A false positive is when a check raises the alarm about something that is actually fine. A few of those and you start ignoring the alarm altogether, like a smoke detector that goes off every time you make toast, so a real fire gets missed too.

One noisy category makes you start ignoring the whole check, accurate findings and all. Tag why each finding fired so the noise can be grouped and suppressed, and the signal is trustworthy again. Like an oven timer that beeps at every little thing, the kitchen stops listening and misses the one bake that mattered, so you keep it for what counts.

Doing this with Claude Code: Guard against false positives

When Claude is checking or reviewing, the quiet killer is the false positive. A check that cries wolf trains you to skim or ignore all of its output, so the accurate findings get thrown out with the noise. Trust is slow to build and fast to lose, so a noisy category costs far more than it looks.

Protecting that trust earns its keep in four ways: one noisy category poisons the rest, mute and fix rather than tune live, show the line with examples and tag why each finding fired.

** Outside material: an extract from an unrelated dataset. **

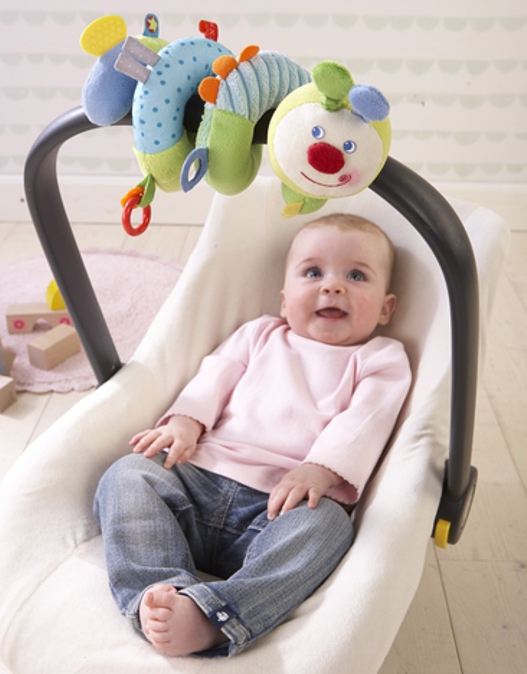 Dieses Mobile ringelt sich perfekt um den Griff von Babyschalen und sorgt so auf Autofahrten für gute Laune. Es eignet sich auch zur Befestigung am Gitterbett. Dann sind kleine Weltentdecker zu Hause lange Zeit beschäftigt und freuen sich immer wieder über die vielen unterschiedlichen Effekte.
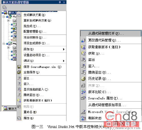 在Visual Studio.Net开发环境"解决方案资源治理器"的上下文菜单或者"文件"――中有如下与文件操作有关的命令,如图十三所示:

One noisy category poisons the rest. When one check cries wolf you start distrusting all of them and the real findings get ignored alongside the noise. A false positive costs more than a missed nicety, because it spends trust you cannot quickly earn back.

Mute and fix, do not tune live. When a category is noisy, switch it off to restore trust in the rest, then reframe and fix it properly before turning it back on, rather than leaving it spraying noise while you tinker.

Show the line with examples. Give it an acceptable case next to a real problem, so it learns where the boundary sits and stops flagging the harmless ones.

Tag why each finding fired. Have it return the reason it flagged each one, a detected-pattern field, so false positives become data you can group and suppress wholesale rather than a vague sense that it is noisy.

Two more trustworthy moves already live on the getting a sharp answer page: setting checkable criteria so quality is not a matter of opinion, and the Sharpen loop for tightening a draft until two people would decide the same way.

In plain words

In plain words: this page is about trusting what AI gives you, so you can rely on it without re-checking every line by hand. The moves are to ask for a fixed shape rather than free text, give worked examples so it does not invent things, check the values and feed back anything wrong, get a fresh set of eyes to review, and make sure your checks do not cry wolf. AI here means a tool that produces code or data from your instructions.

Part of Working with AI. The soft skills behind it: The soft skills of working with AI.

Why Claude. When this page carries tool-specific notes they use Claude Code, because it is one of the most widely used AI tools for building software. It is also what we build with day to day. The moves themselves are general and carry across to other capable AI tools.